• **Task inputs**:
Segment Open

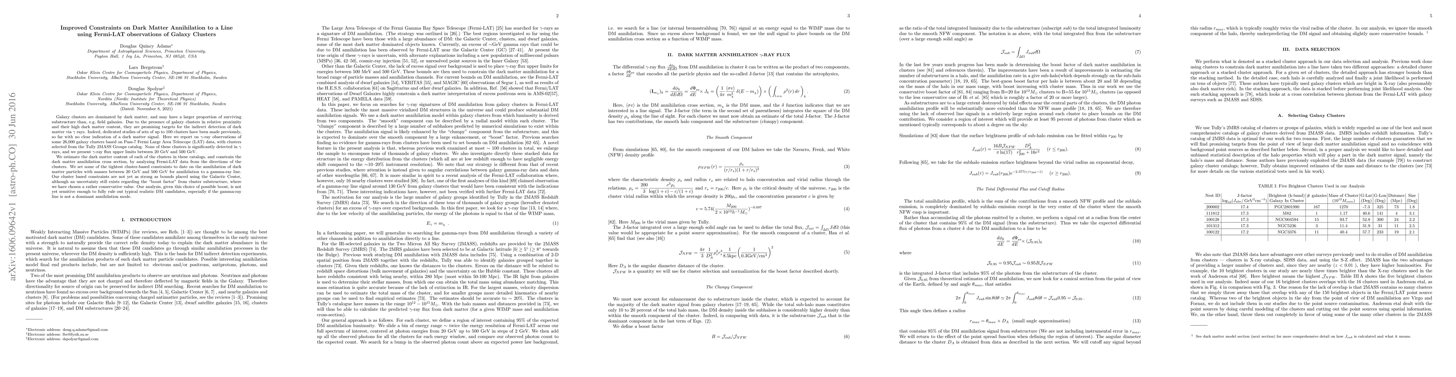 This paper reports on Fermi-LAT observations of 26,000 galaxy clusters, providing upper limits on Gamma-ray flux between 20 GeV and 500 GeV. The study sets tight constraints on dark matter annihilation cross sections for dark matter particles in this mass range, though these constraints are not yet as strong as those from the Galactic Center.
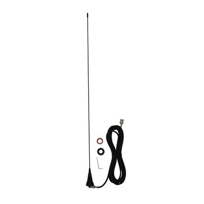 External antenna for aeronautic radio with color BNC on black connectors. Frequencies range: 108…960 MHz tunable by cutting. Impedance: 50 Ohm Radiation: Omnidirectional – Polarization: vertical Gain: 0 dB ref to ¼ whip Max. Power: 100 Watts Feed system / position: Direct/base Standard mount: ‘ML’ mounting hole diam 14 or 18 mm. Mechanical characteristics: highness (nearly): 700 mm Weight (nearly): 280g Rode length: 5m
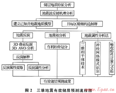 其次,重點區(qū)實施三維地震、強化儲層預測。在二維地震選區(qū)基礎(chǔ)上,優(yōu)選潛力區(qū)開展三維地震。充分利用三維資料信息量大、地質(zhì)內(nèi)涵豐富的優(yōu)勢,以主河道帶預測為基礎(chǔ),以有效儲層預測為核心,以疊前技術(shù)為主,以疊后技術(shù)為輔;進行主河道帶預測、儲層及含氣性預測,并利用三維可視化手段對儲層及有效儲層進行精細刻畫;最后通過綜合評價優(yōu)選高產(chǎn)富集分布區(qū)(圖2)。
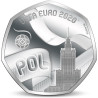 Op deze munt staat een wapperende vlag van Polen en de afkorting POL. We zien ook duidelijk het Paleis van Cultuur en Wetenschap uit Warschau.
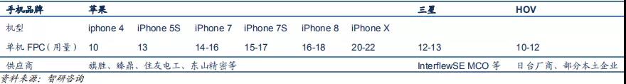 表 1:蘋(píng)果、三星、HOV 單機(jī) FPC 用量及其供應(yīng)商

Segment Closed
Segment Open

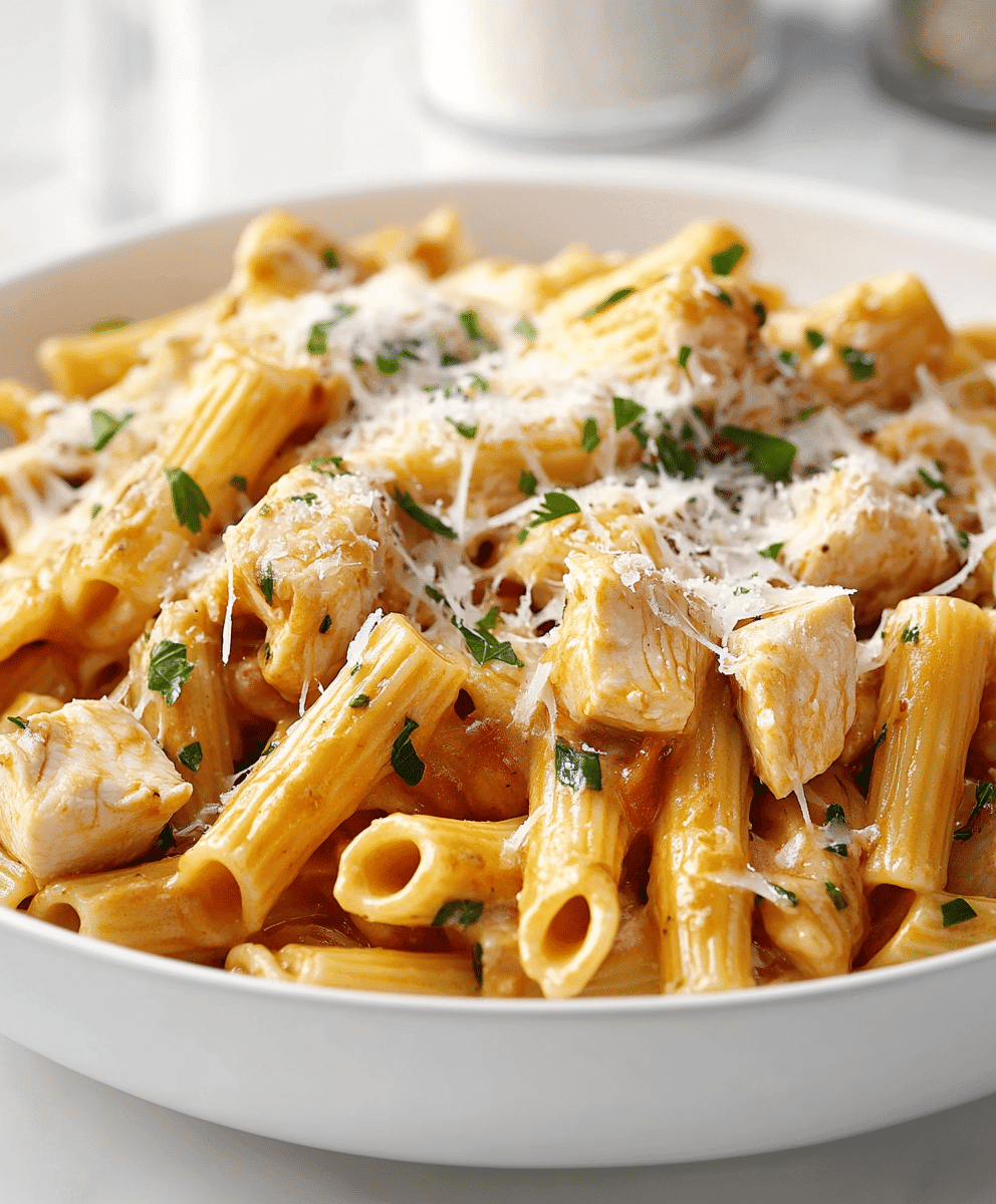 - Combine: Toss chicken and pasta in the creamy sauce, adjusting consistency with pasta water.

Segment Closed

Could you write out exactly the lines of the data above that run from the one holding "This paper reports" to the one holding "表 1:蘋(píng)果、三星、HOV 單機(jī) FPC 用量及其供應(yīng)商", with both ends in and all pictures out?

• **Result**:
 This paper reports on Fermi-LAT observations of 26,000 galaxy clusters, providing upper limits on Gamma-ray flux between 20 GeV and 500 GeV. The study sets tight constraints on dark matter annihilation cross sections for dark matter particles in this mass range, though these constraints are not yet as strong as those from the Galactic Center.
 External antenna for aeronautic radio with color BNC on black connectors. Frequencies range: 108…960 MHz tunable by cutting. Impedance: 50 Ohm Radiation: Omnidirectional – Polarization: vertical Gain: 0 dB ref to ¼ whip Max. Power: 100 Watts Feed system / position: Direct/base Standard mount: ‘ML’ mounting hole diam 14 or 18 mm. Mechanical characteristics: highness (nearly): 700 mm Weight (nearly): 280g Rode length: 5m
 其次,重點區(qū)實施三維地震、強化儲層預測。在二維地震選區(qū)基礎(chǔ)上,優(yōu)選潛力區(qū)開展三維地震。充分利用三維資料信息量大、地質(zhì)內(nèi)涵豐富的優(yōu)勢,以主河道帶預測為基礎(chǔ),以有效儲層預測為核心,以疊前技術(shù)為主,以疊后技術(shù)為輔;進行主河道帶預測、儲層及含氣性預測,并利用三維可視化手段對儲層及有效儲層進行精細刻畫;最后通過綜合評價優(yōu)選高產(chǎn)富集分布區(qū)(圖2)。
 Op deze munt staat een wapperende vlag van Polen en de afkorting POL. We zien ook duidelijk het Paleis van Cultuur en Wetenschap uit Warschau.
 表 1:蘋(píng)果、三星、HOV 單機(jī) FPC 用量及其供應(yīng)商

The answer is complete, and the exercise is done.